What to work on:
Find "Rinse clean the" in the listing below, then set down only that line and each later line, unchanged, leaving out pictures.

Data excerpt:
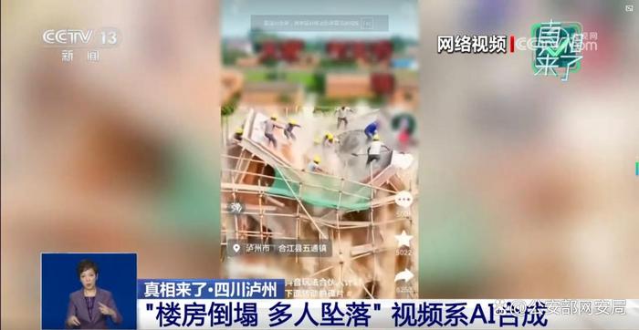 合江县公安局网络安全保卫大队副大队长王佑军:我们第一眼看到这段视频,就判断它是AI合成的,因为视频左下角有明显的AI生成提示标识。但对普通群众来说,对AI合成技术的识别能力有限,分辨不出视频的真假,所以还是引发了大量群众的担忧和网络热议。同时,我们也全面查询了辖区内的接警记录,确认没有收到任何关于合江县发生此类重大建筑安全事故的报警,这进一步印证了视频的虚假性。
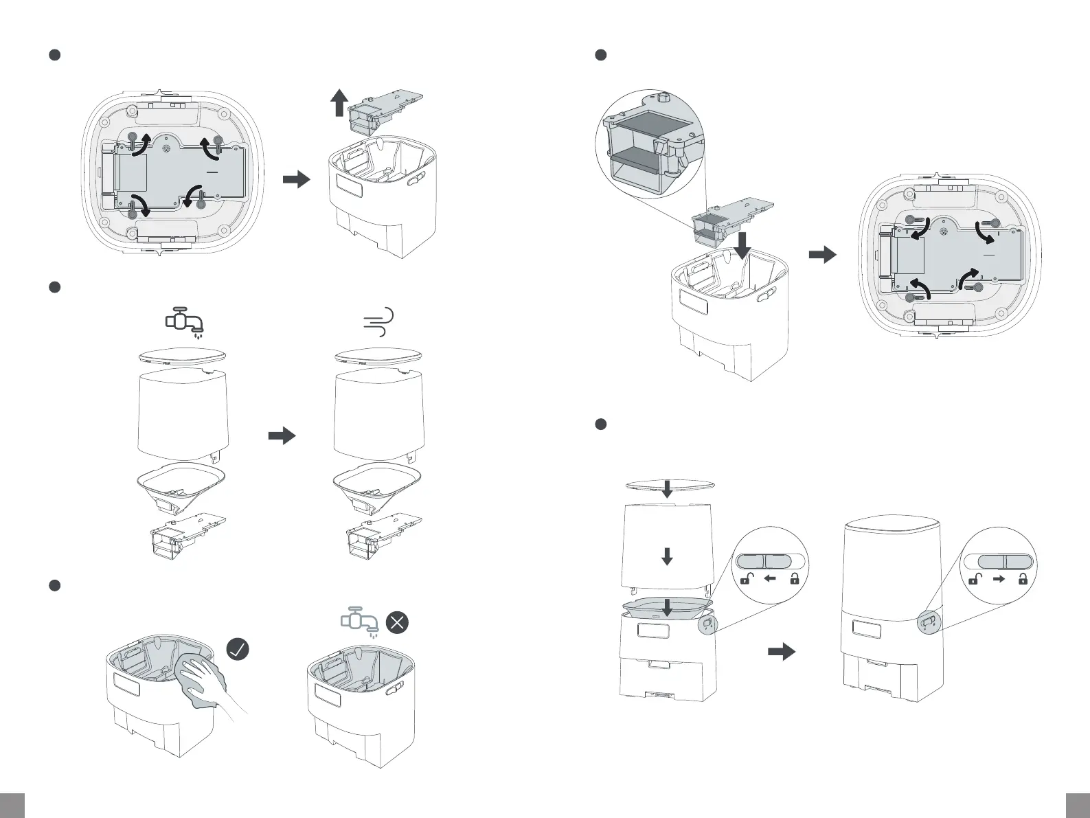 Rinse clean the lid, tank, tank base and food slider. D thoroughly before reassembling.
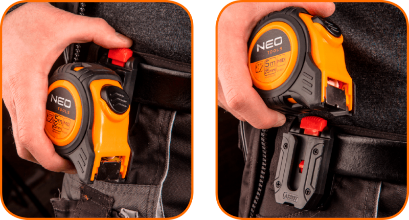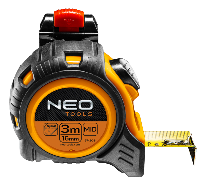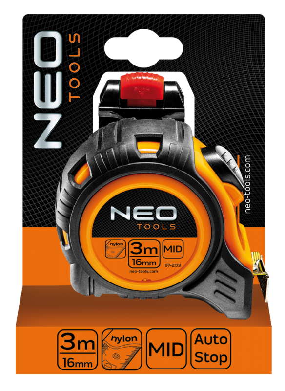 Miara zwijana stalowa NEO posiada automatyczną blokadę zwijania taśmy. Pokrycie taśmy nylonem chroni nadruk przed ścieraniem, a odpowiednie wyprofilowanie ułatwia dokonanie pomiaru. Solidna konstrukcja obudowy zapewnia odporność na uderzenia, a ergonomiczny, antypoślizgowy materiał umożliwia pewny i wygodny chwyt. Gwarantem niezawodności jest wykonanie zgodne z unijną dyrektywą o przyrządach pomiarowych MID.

Written response:
 Rinse clean the lid, tank, tank base and food slider. D thoroughly before reassembling.
 Miara zwijana stalowa NEO posiada automatyczną blokadę zwijania taśmy. Pokrycie taśmy nylonem chroni nadruk przed ścieraniem, a odpowiednie wyprofilowanie ułatwia dokonanie pomiaru. Solidna konstrukcja obudowy zapewnia odporność na uderzenia, a ergonomiczny, antypoślizgowy materiał umożliwia pewny i wygodny chwyt. Gwarantem niezawodności jest wykonanie zgodne z unijną dyrektywą o przyrządach pomiarowych MID.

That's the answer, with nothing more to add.